Turns out, math and science are important skills to succeed as a student and an international spy.
Nearly 100 children and U.S. Rep. Will Hurd (R-San Antonio), a former undercover CIA operative, were ready to learn and solve mysteries at The DoSeum’s Master Spy Symposium on Saturday morning.
The SpyAcademy exhibit is part of The DoSeum’s continued efforts to make learning math and science fun. The children, between ages seven to 11, were invited to meet with Rep. Hurd and work to create new clues for the exhibit. The children in attendance were selected because they solved every problem in last year’s Spy Academy exhibit.
A native San Antonian, Hurd shared stories about his international travels as a spy and close encounters in foreign countries, finishing with the importance of education in achieving your goals.
“Do you know that some of the best spies I knew were girls? Yeah, that’s right girl power,” Hurd said, as cheers from the girls filled the room.
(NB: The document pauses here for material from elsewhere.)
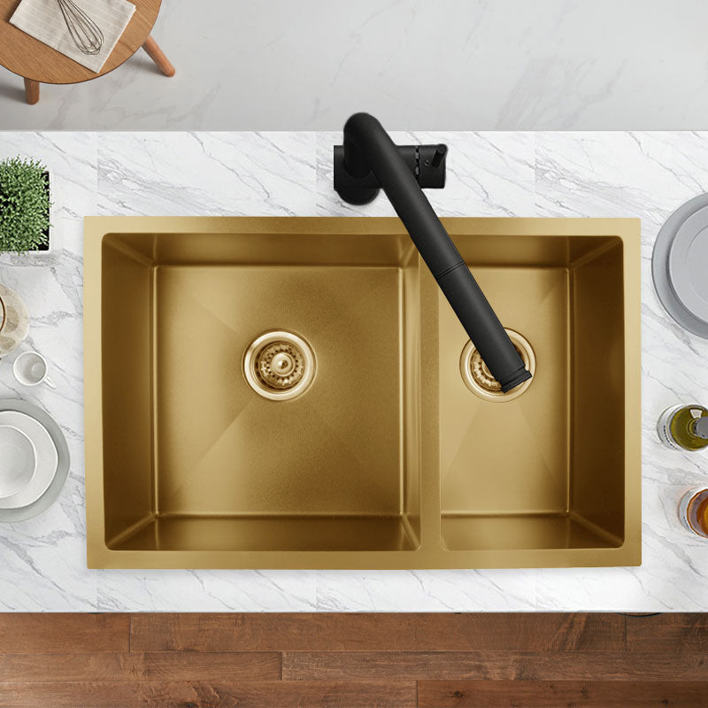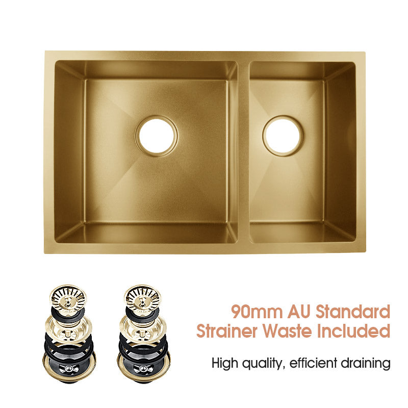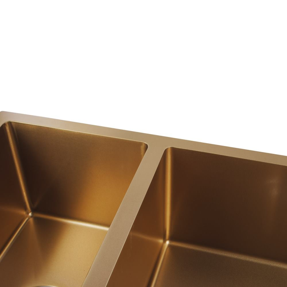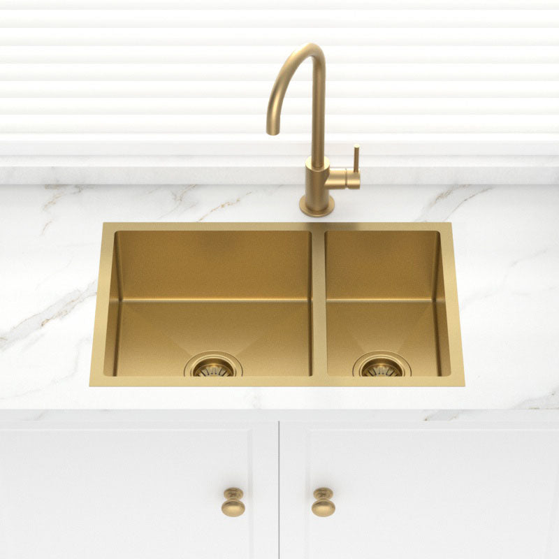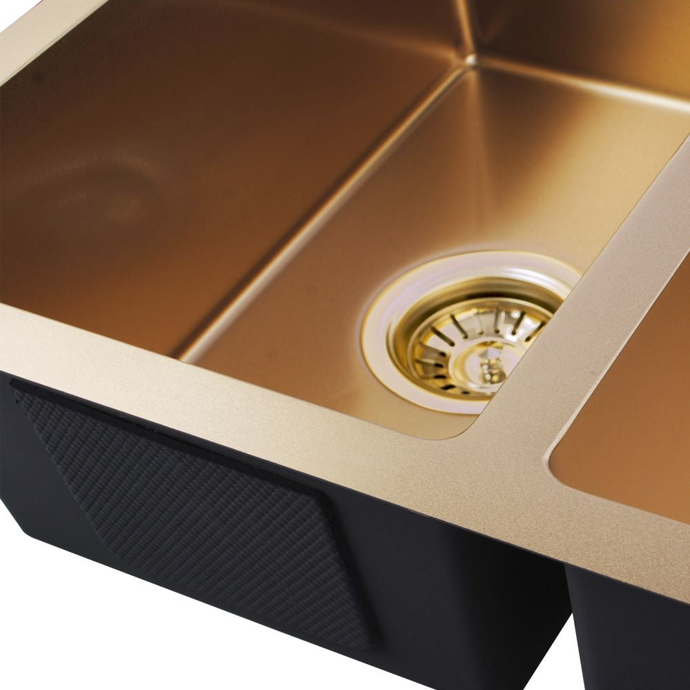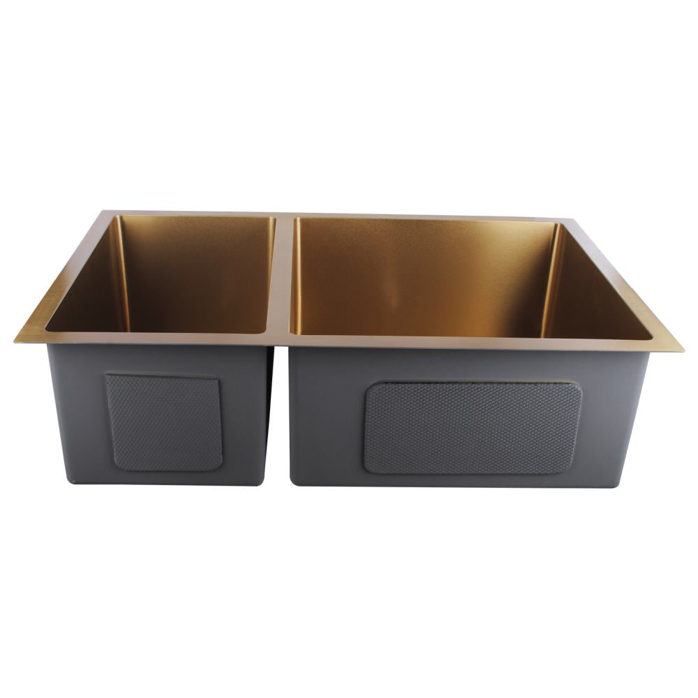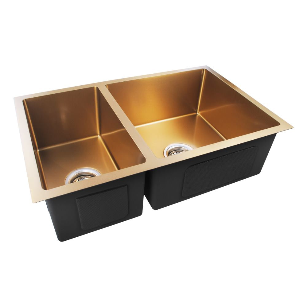 The 710x450x205mm 1.2mm Brushed Yellow Gold Handmade Round Corners Double Bowls Top/Under/Flush Mount Kitchen Sink would give an easy-to-clean and elegant addition to any kitchen.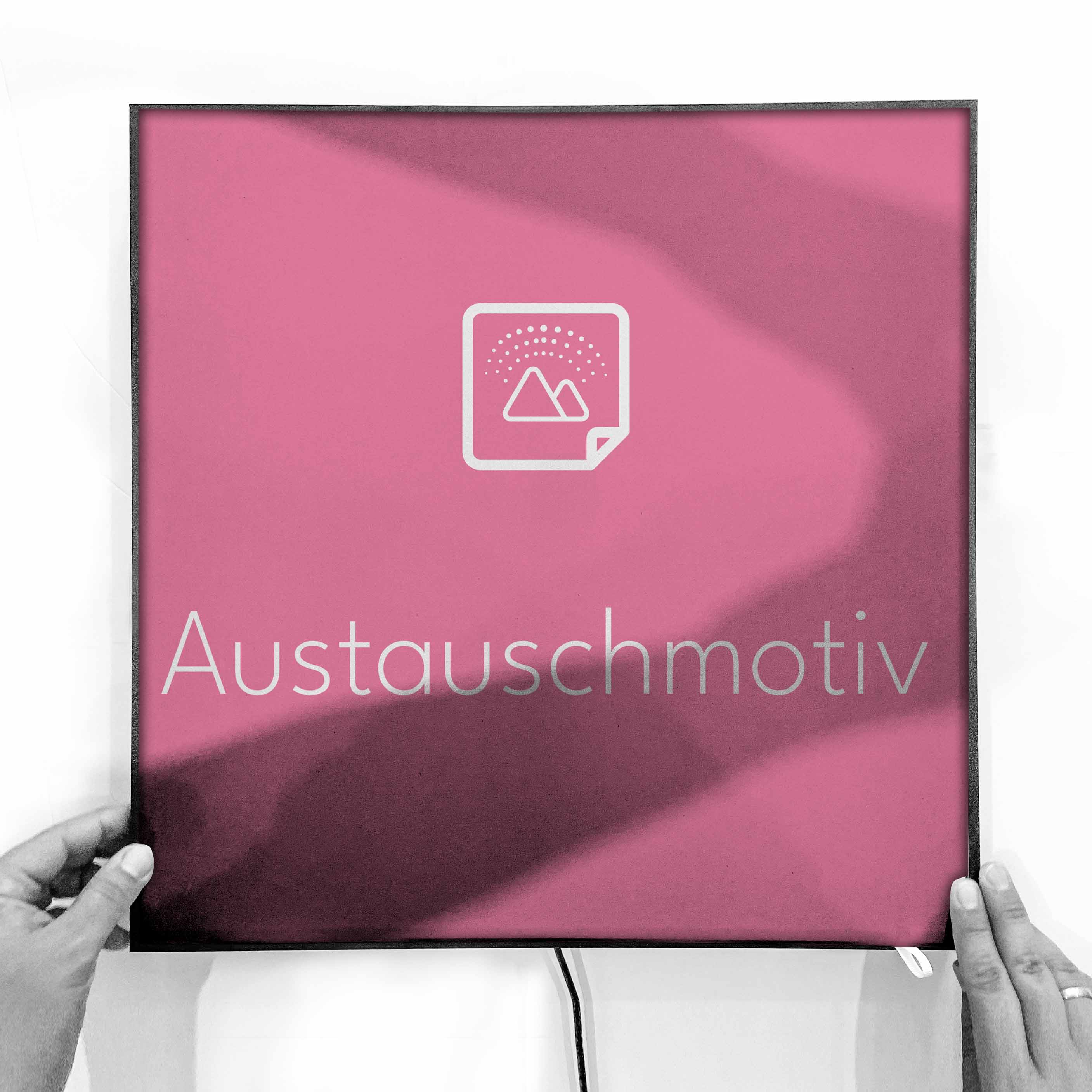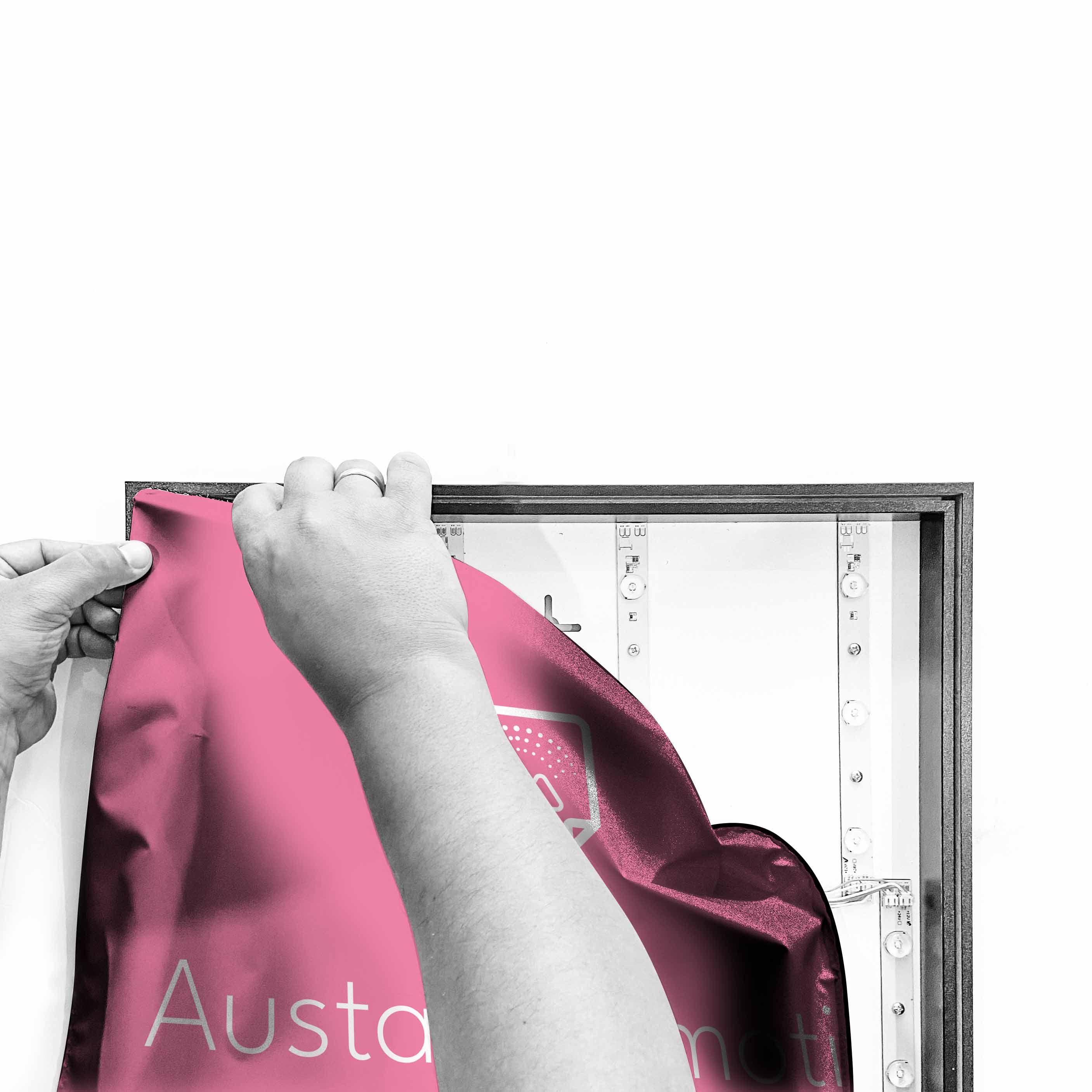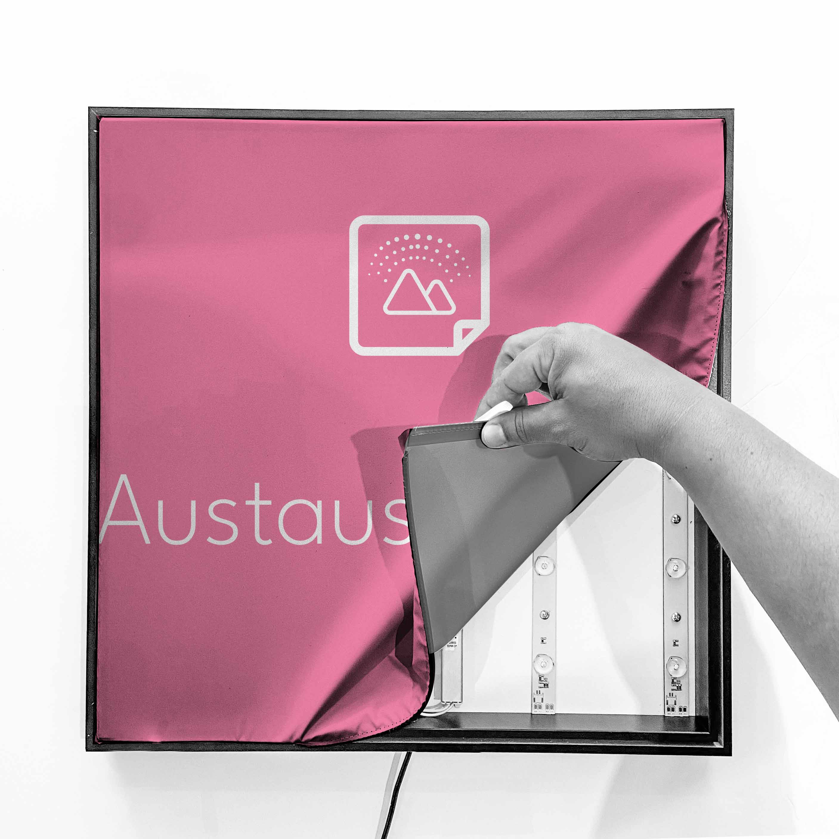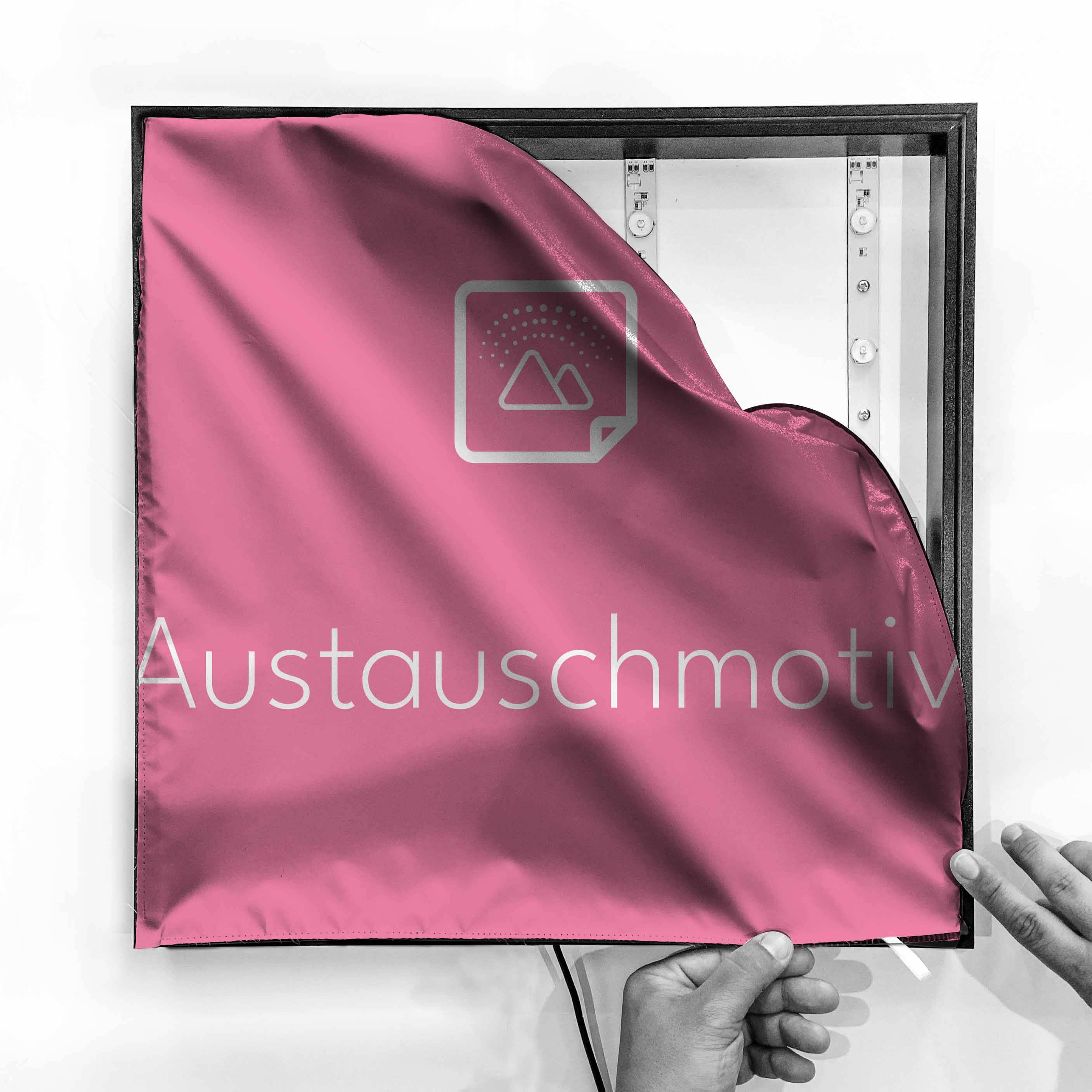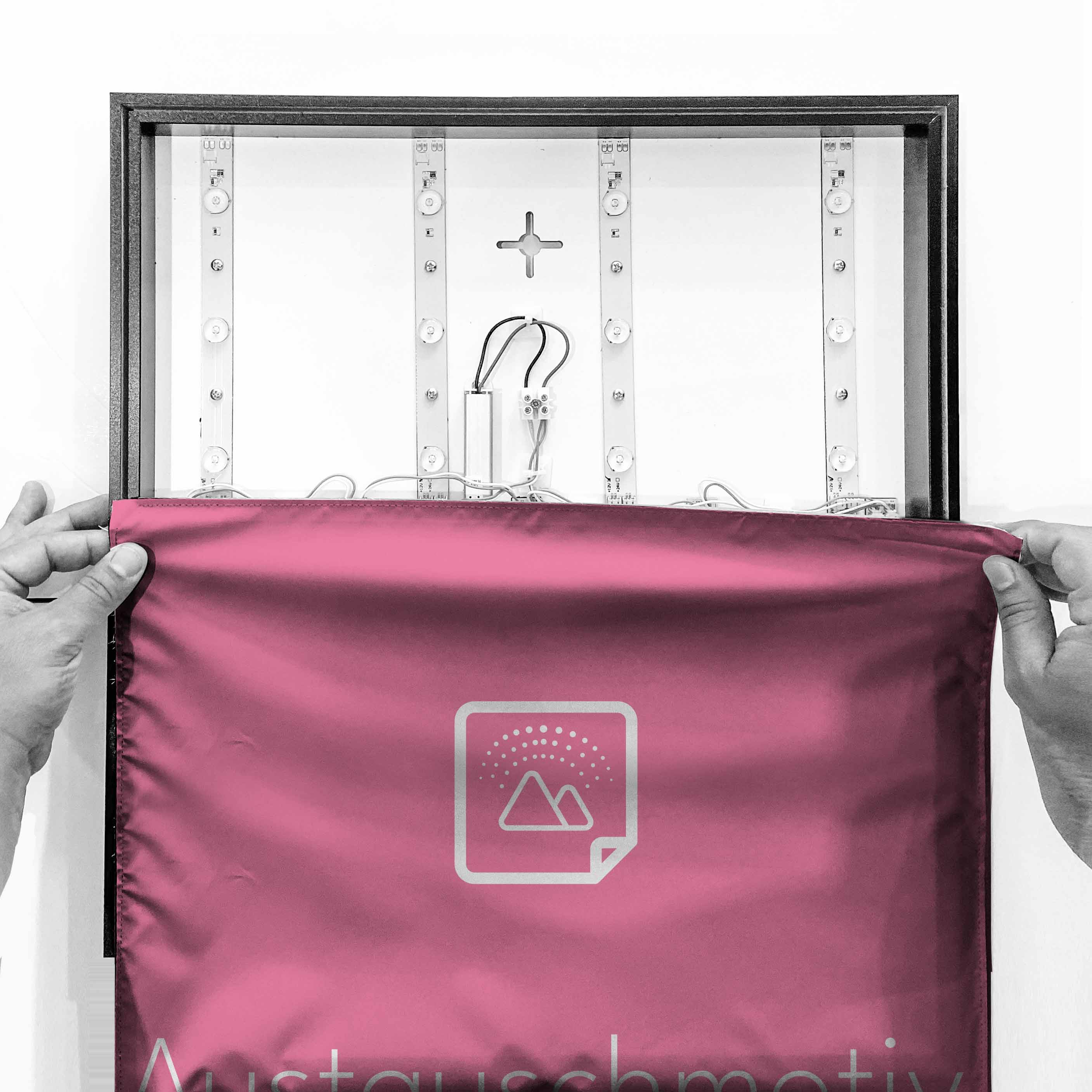 Der LED-Rahmen ist geöffnet und bereit für das Einspannen des Motivs. Achte darauf, dass das Motiv mit der bedruckten Seite nach außen zeigt und die Silikonkeder frei zugänglich ist.

After Hurd’s words of encouragement, the kids were sent off with a mission to create new clues for the Spy Academy exhibit, a room full of challenges that stress problem solving, patter recognition, coding and communication. In one exhibit area, children worked to find patterns in photographs of spies in disguise while another area saw children working on a math problem involving weight comparison and codes.
The new clues for the Spy Academy exhibit will be installed Spring 2017.